[Opening Recorded data section]

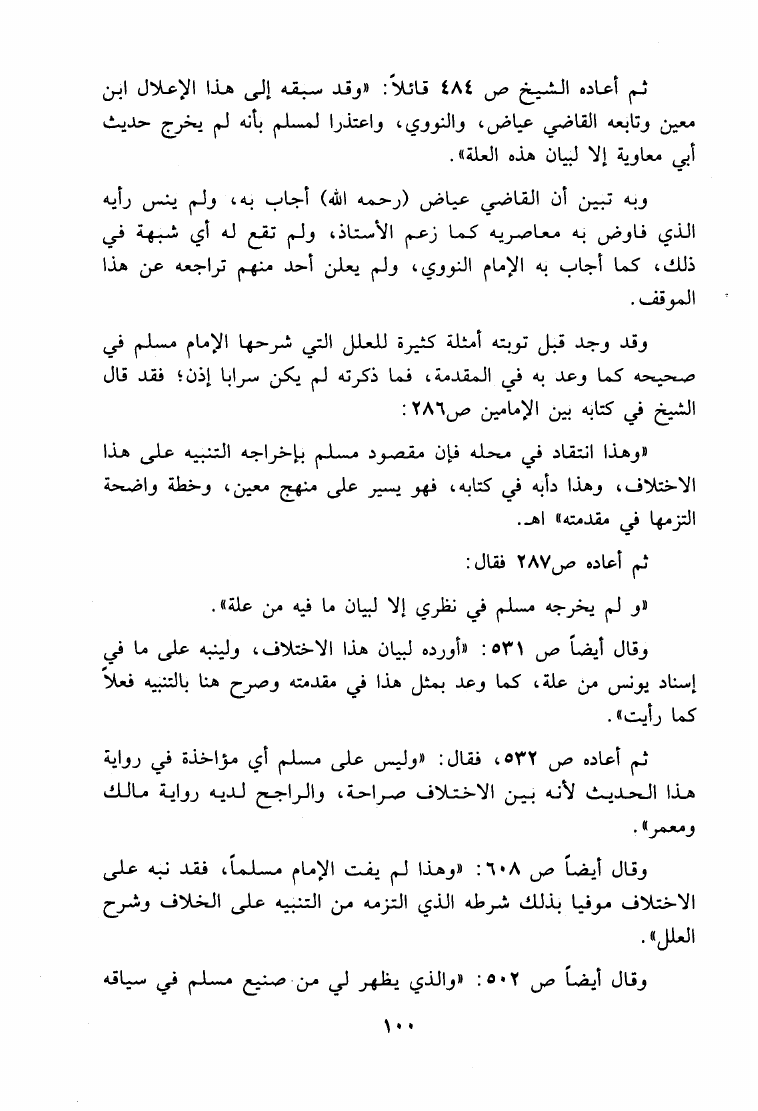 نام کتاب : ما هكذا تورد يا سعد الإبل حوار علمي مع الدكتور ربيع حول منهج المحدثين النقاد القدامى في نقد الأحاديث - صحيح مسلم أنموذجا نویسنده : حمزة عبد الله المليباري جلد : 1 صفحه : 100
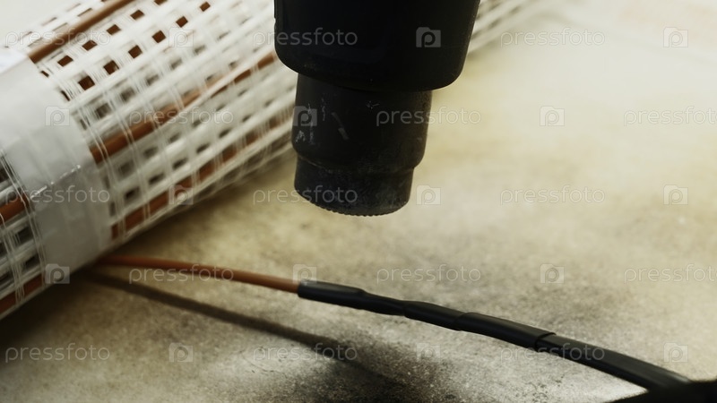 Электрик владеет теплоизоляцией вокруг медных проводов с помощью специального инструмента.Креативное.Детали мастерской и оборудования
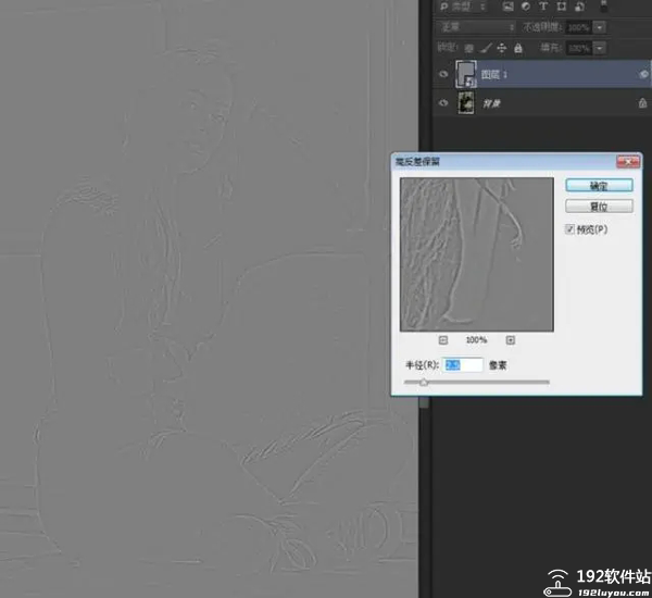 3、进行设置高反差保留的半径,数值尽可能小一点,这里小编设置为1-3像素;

[Closing Recorded data section]

▶ Aim of the task: Copy all the lines of data exactly as they appear, dropping any images.

▶ Task result:
 نام کتاب : ما هكذا تورد يا سعد الإبل حوار علمي مع الدكتور ربيع حول منهج المحدثين النقاد القدامى في نقد الأحاديث - صحيح مسلم أنموذجا نویسنده : حمزة عبد الله المليباري جلد : 1 صفحه : 100
 Электрик владеет теплоизоляцией вокруг медных проводов с помощью специального инструмента.Креативное.Детали мастерской и оборудования
 3、进行设置高反差保留的半径,数值尽可能小一点,这里小编设置为1-3像素;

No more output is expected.